Беспокойная весна 1939 года. Вместо традиционного лондонского тумана – чудная солнечная погода. По улицам английской столицы мелькает зеленая форма, прямоугольные, с кисточкой, пилотки испанских солдат только что разбитой республиканской армии – часть ее успела эвакуироваться в Англию, где была встречена с нескрываемой симпатией. Англичане предчувствовали нашествие фашизма – Гитлер в это время начал решительную кампанию против Польши, пока только на страницах газет и в речах в «Шпортпаласте». Но в степи под Люнебургом была уже построена крепость из фанеры – точная копия бельгийского форта Эбен-Эмель – где по ночам тренировались парашютисты-диверсанты, взрывали в форту (пока на макете) дальнобойные орудия, прикрывавшие путь в Брюссель. В громадных теплицах натаскивали солдат будущей армии Роммеля. В Берлине на Бендлерштрассе генштабисты вычерчивали на картах зловещие стрелы, направленные на Метц, Дюнкерк, Краков и Варшаву, а во всех военных училищах зубрили польский и русский языки.
В Лондон приехал господин Бек, министр иностранных дел Польши. Он стоял на трибуне среди почетных гостей во время большого парада военных кораблей в Портсмуте. Еженощно раздавались глухие взрывы бомб, подбрасываемых ирландскими террористами, которые требовали присоединения Северной Ирландии к государству Эйре, а Де Валера[145]145
Президент Ирландии.
[Закрыть] метал из Дублина громы и молнии против англичан.
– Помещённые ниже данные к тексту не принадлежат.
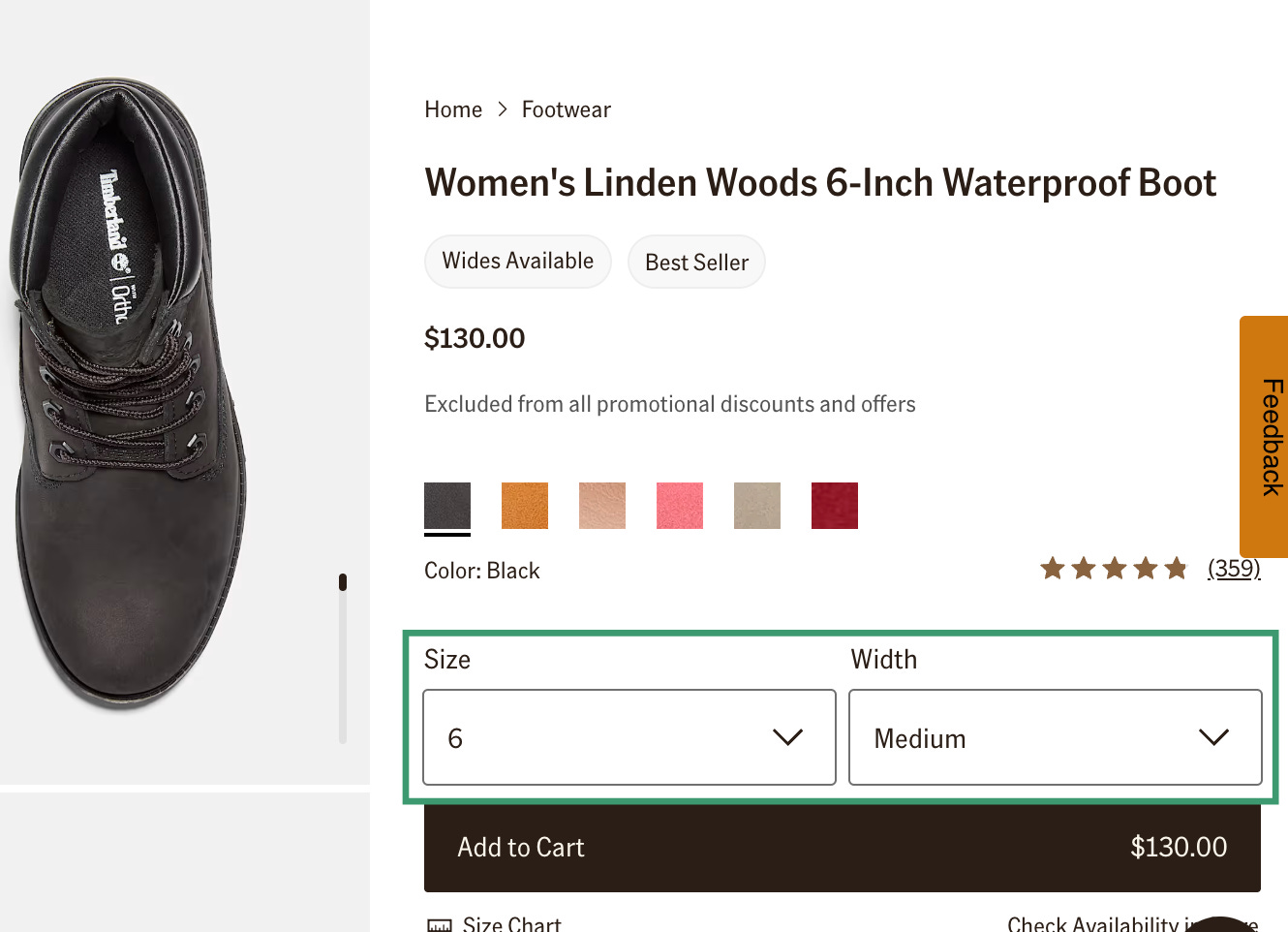For example, if I ask for size 6 and then click through to Timberland, size 6 women’s was already pre-selected for me:

В ботаническом саду Кью-Гарден висел черный флаг на пятидесятиметровом флагштоке из канадской пихты – в Мосуле религиозные фанатики во время процессии шахсей-вахсей камнями убили английского консула…
Где только на земном шаре не тлело недовольство против англичан, немцы не жалели ни сил, ни денег, чтобы раздуть огонь, который должен был ослабить врага. А в Виндзоре, у могилы полковника Лоуренса с надписью «Сладка и почетна смерть за родину» здоровенный английский студент сказал мне: «Какая чепуха, пойду я класть голову за Англию! Пускай умирает за нее тот, кому охота!»
Когда я стоял на Гаммерсмитском мосту и вертел в руке небольшой футляр с фотокамерой, вдруг подъехали на мотоцикле полицейские и очень вежливо попросили показать им содержимое футляра, а заодно и документы. Меня поразило, что у одного из них был в руке карабин – «бобби» обычно носят только дубинку. Внимательно осмотрев паспорт и камеру, полицейский облегченно вздохнул:
– Проклятие, мы думали, вы ирландец! Они вчера здесь подложили бомбу. К счастью, не взорвалась!..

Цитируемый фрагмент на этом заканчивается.